A cette date, la veuve Carpeaux était davantage sereine sur sa situation financière. Elle pouvait retrouver la bonne société. Ainsi, on transforma le rez-de-chaussée en salle de réception. Ici, on plaça de nombreuses oeuvre de Carpeaux, essentielle pour la représentation sociale de la famille.

On fêta même l’inauguration de ce nouvel atelier, en organisant une grande danse, en face d’une image de la célèbre oeuvre faite pour l’Opéra.

Seul vestige de la propriété des Carpeaux

En 1898, la famille Carpeaux fait détruire le grand hôtel. Il est possible qu’on envisagea d’y installer une autre bâtisse. Des esquisses furent réalisées à cet effet par Hector Guimard. Mais la commande fut annulée.  De fait, Amélie Carpeaux se replia sur l’atelier

Mort d’Amélie Carpeaux

En 1904, Charles Carpeaux meurt à 33 ans à Saigon. C’est une véritable épreuve pour Amélie Carpeaux.

Elle décida d’exposer le corps de son fils dans l’atelier avant l’inhumation à Auteuil. La mère se retira totalement ensuite de la vie mondaine. Elle mourut en 1908.

La dispersion des œuvres de l’atelier en 1913

Peu de temps avant le début de la Grande guerre, eut lieu une vente particulière : celle des sculptures de l’ atelier de Carpeaux. A la demande des deux derniers enfants du sculpteur, l’atelier est dispersé lors d’une vente aux enchères. Alors de nombreuses traces du travail de Jean Baptiste Carpeaux sont vendues. Cet épisode s’inscrivit dans une grande tension entre les deux enfants de Carpeaux. En effet, Amélie avait privilégié sa fille au détriment de son fils, dont elle trouva la vie trop dissolue.

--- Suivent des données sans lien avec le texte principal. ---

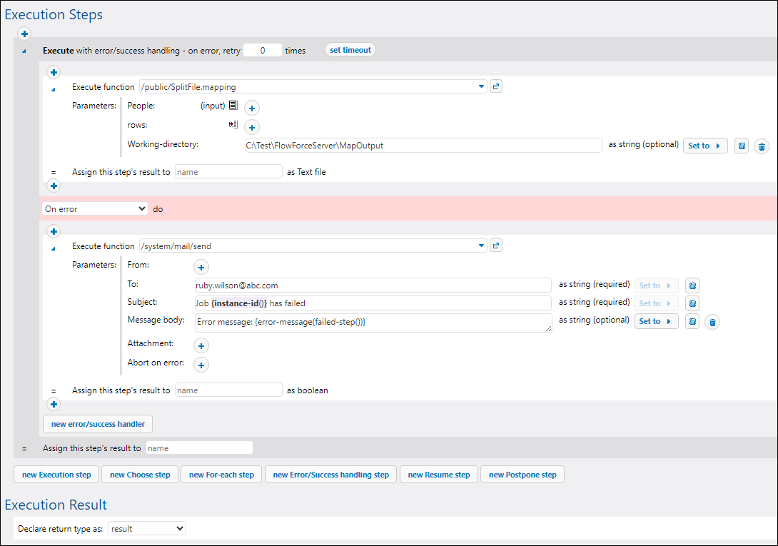 •The return type of a job must be the same as the data type of the last step in the job. Otherwise, FlowForce Server returns an error. To avoid data type-matching errors, use expression functions to change the data type of the last step in the job to the data type declared as the job return type.
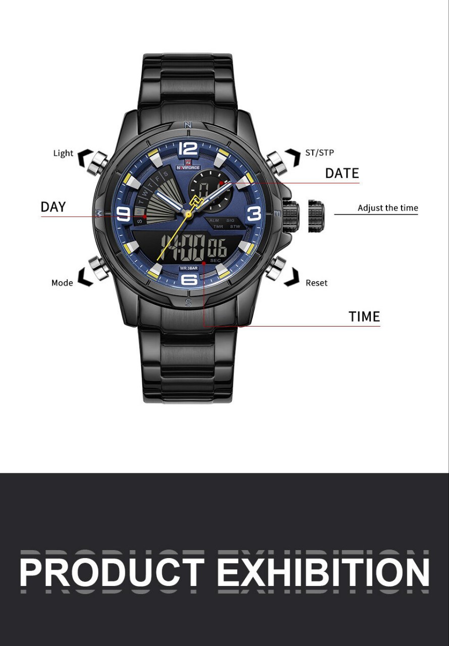 ساعت مچی کرنوگراف مردانه نیوی فورس NAVIFORCE مدل Nf9257 بند استیل

Il reste toutefois un beau catalogue, conservé à la Bibliothèque Nationale de France. On peut y admirer entre autres les tests pour la fameuse Danse de l’Opéra ou le groupe Ugolin et ses enfants.

Après la mort de Louis Carpeaux en 1929, Louise Clément Carpeaux fut la dernière de la famille. Depuis 1910, elle était la seule propriétaire de ce qui restait de la propriété d’Auteuil. Aussi, elle fit réaménager l’atelier pour y vivre avec son époux en 1914.